Ясновидец:
Шрифт:
Но Лангганс уже не слушал. Его внимание вновь отвлекла макака. Он подумал, что это создание могло бы принести ему пользу — Барфусс наверняка настороже.
Трактирщик опять набросился на нее с палкой. Обезьянка тщетно пыталась увернуться от сыпавшихся на нее ударов, пыталась вырваться, царапала железную цепь и, наконец, намертво вцепилась зубами в палку.
— Я тебя проучу, — орал трактирщик, — я тебя проучу, чертово отродье!
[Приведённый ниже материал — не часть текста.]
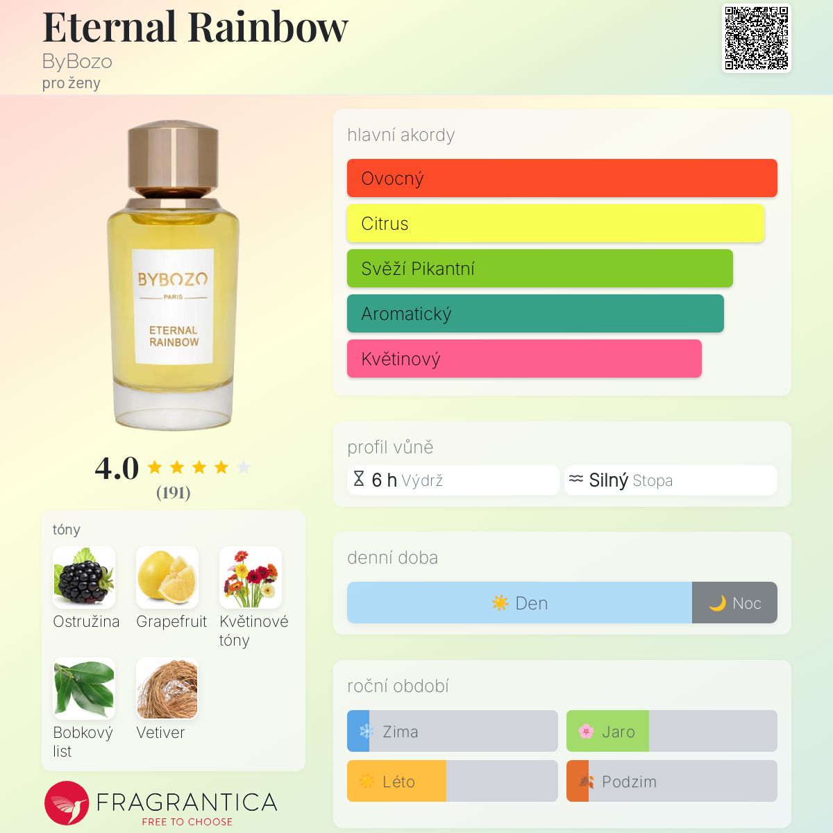 Eternal Rainbow podle ByBozo je Floral Fruity vůně pro ženy. Eternal Rainbow byl/a uveden/a v roce 2021. "Nosem" za touto vůní je Paul Emilien. základní tóny jsou Ostružina, Grapefruit, Květinové tóny, Vavříny a Vetiver.
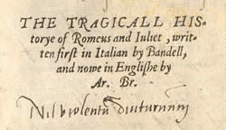 The original publication title page reads only The Tragicall Historye of Romeus and Iuliet, written first in Italian by Bandell, and nowe in Englishe by Ar. Br. Very little is known about Arthur Brooke, who is later credited with the work: although see Nina Green, “Who Was Arthur Brooke?” The Oxfordian 3 (2000): 51-70. An Arthur Brooke existed, born about 1544 and drowned early in 1564 on his way to help Protestant forces in France, but many Oxfordians consider this poem a youthful composition by de Vere, who later expanded and revised the story for the stage. See Paul H. Altrocchi, MD, “Shakespeare, Not Arthur Brooke, Wrote Tragicall Historye of Romeus & Juliet.” Shakespeare Oxford Newsletter 43.1 (Winter 2007): 22-26. The thing does seem like a youthful effort by a male adolescent going through his prudish period.
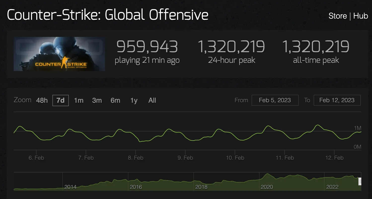 Пиковый онлайн в CS:GO / скриншот со Steam Charts
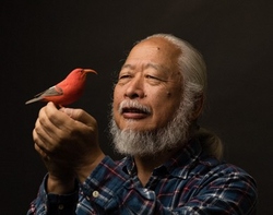 ハワイで独自の進化を遂げた「ハワイミツスイ」を、バードカービングの第一人者である内山春雄氏が巧みな技術で表現します。
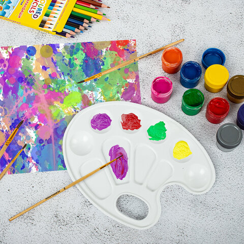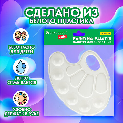 Легкая, компактная и удобная палитра для рисования BRAUBERG KIDS предназначена для смешивания красок и получения новых тонов.
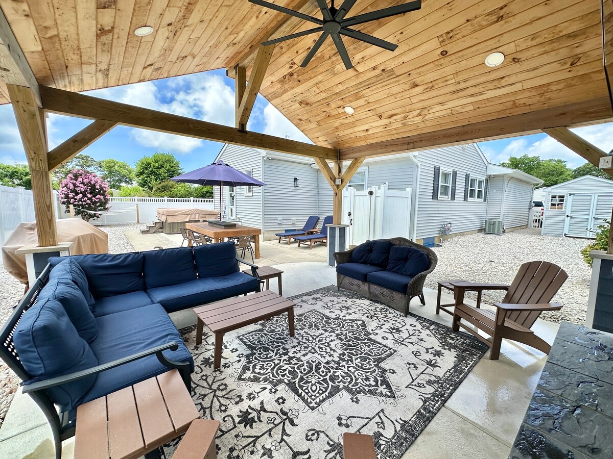 Start your morning soaking in the hot tub, or sipping coffee in rocking chairs on the front porch. Just 1 block away, have the beach all to yourself in this truly secluded beach neighborhood. Enjoy one of the local waterfront eateries or the neighborhood pool. Spot a school of dolphins under a red-sky sunset before returning home to enjoy the night sea breeze and a movie in front of a wood burning fire in the outdoor gazebo. Click our icon to check out our other Cape May homes!

Он вырвал палку у макаки и замахнулся изо всех сил. Лангганс живо представил себе хруст, как будто кто-то ломает сухую ветвь через колено, жуткий звук, когда
Трактирщик впоследствии с трудом припоминал, что он якобы услышал какой-то шепот, голос, с неумолимой властностью заставивший его опустить палку и отвязать цепь без всякой на то причины, и он так и не понял, что сделал это не по собственной воле, а по приказу молчаливого господина, сидевшего за дальним столиком в компании двух приятелей.
Лангганс вздрогнул. Обезьянка была полна ненависти к людям и агрессивна, как дикая кошка — неоценимое оружие в руках того, кто сумел бы ее приручить.
Не успела она освободиться от цепей, как тут же бросилась на своего мучителя, и Ланггансу стоило немалого напряжения успокоить ее. Ему потребовались все его недюжинные способности, чтобы заставить макаку подойти к нему и сесть у его ног, покаянно скуля.
У трактирщика текла кровь из двух рваных ран на ноге, он весь трясся от страха. Лангганс повернулся к нему и тихо сказал:
— У тебя хватит зверей для вечернего представления. Я покупаю обезьяну, назначай любую цену.
Во сне он идет по лесу и все слышит, все, что слышал бы любой на его месте: пение птиц, шелест листвы, журчание ручья, чей-то смех.
Он смотрит на свои руки и видит, что они выросли. Мягкая горная цепь мускулов от запястья до плеча, голубые вздувшиеся вены — словно бы речная дельта, чьи рукава несут кровь в руки, совершенной формы руки с пятью пальцами на каждой. Он прибавил в росте, его короткие ножки превратились в две сильных, стройных ноги.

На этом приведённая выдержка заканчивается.